AI shopping agents
A growing share of buying decisions starts with an agent, not a person. It reads the options, compares them, and increasingly buys. Here is how AI shopping agents evaluate products, and how to be the one that makes the shortlist.
How they work
The buying loop, run by software
An AI shopping agent takes a goal and runs the loop a careful buyer would: understand the need, gather candidates, compare them on the criteria that matter, and act. The difference is speed and patience. It will read every spec, cross-check every claim, and never get bored. What it will not do is forgive a page where the facts are missing, hidden, or wrong.

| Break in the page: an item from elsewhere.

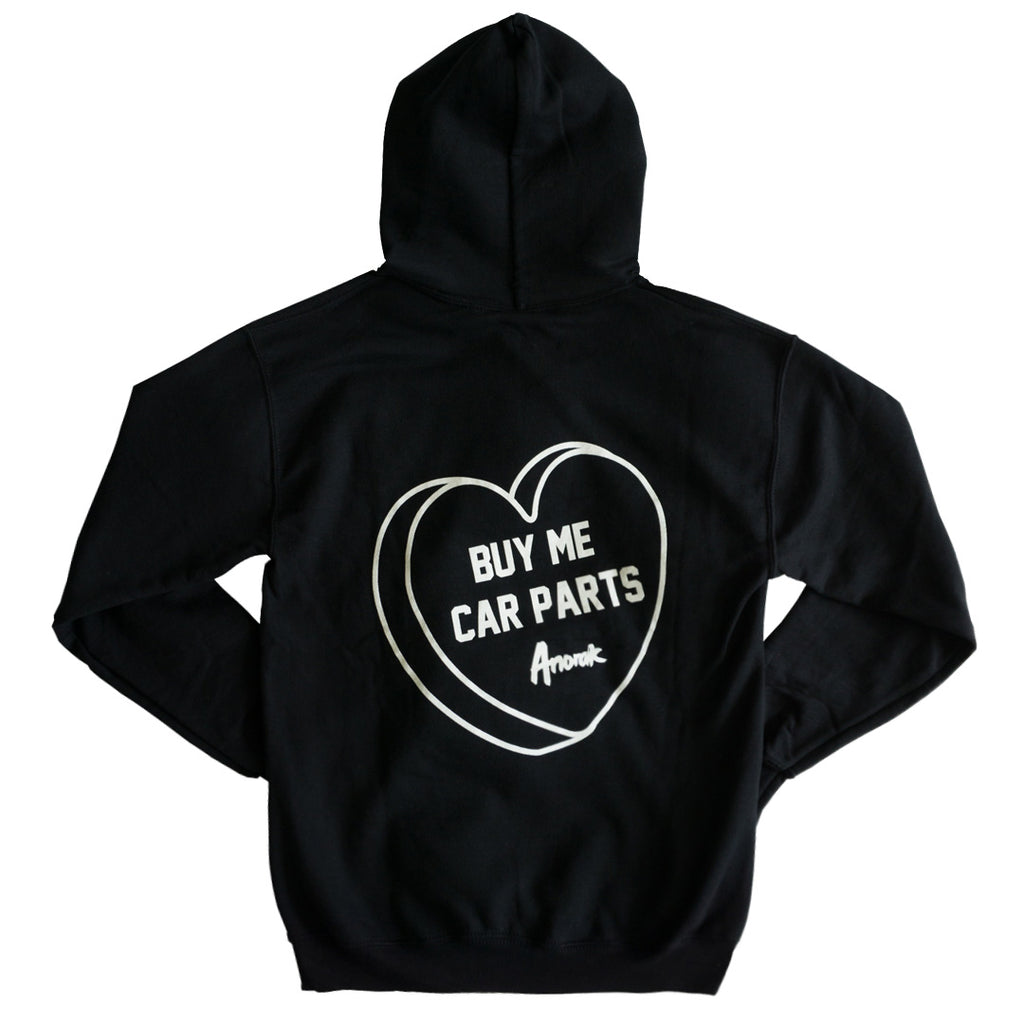 Buy Me Car Parts Hoodie (Black) $ 65.00 S - $ 65.00 M - $ 65.00 L - $ 65.00 XL - $ 65.00 Quantity This variant is currently sold out Kick it at your favorite Summer night car meet in our cozy Buy Me Car Parts hoodie. Throw this hoodie on, start up the engine, snag some bubble tea, and go enjoy that cool Summer night cruise. Full-Back "Buy Me Car Parts" Candy Heart Graphic w/"Forever Modified" front left chest design. Unisex sizing (yup that means you too gentlemen) / 50/50 Blend / Black
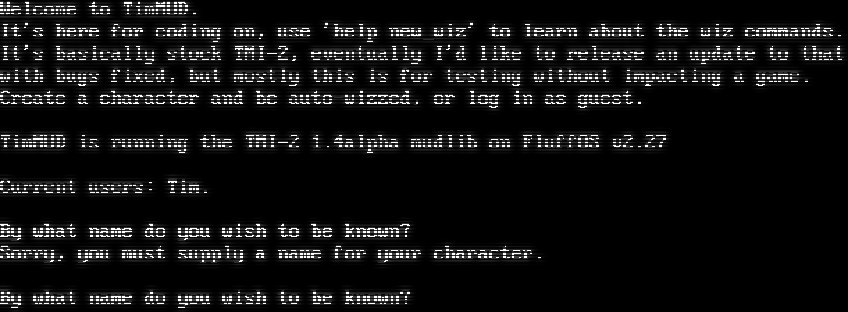 Welcome to TimMUD. It's here for coding on, use 'help new_wiz' to learn about the wiz commands. It's basically stock TMI-2, eventually I'd like to release an update to that with bugs fixed, but mostly this is for testing without impacting a game. Create a character and be auto-wizzed, or log in as guest. TimMUD is running the TMI-2 1.4alpha mudlib on FluffOS v2.27 Current users: Tim. By what name do you wish to be known? Sorry, you must supply a name for your character. By what name do you wish to be known?

This is the buyer's side of agentic commerce. Winning it is less about persuasion and more about being the clearest, most verifiable option in the set.
What they look for
What gets a product shortlisted
| Signal | Why the agent cares |
|---|---|
| Structured, current product data | It can confirm price, specs, and availability without guessing |
| Genuine reviews and ratings | It corroborates quality before recommending |
| Readable policies | Returns and shipping are decision inputs, not fine print |
| Consistency across the web | Matching facts mean low risk, which means a citation or a buy |
| Callable actions | It can complete the task, not just read about it |
Notice what is missing from that list: clever copy, pop-ups, and design flourishes. Agents are immune to the tactics that nudge humans. They reward clarity and punish friction.
How to win the shortlist
Make your product truth machine-readable with Product and Offer schema and clean feeds, keep pricing and availability accurate to the minute, surface real reviews, and write policies a machine can parse. Then expose callable actions so the agent can search and buy through a defined interface. Finally, confirm it is working by tracking how often agents and answer engines recommend you, which is the job of AI visibility.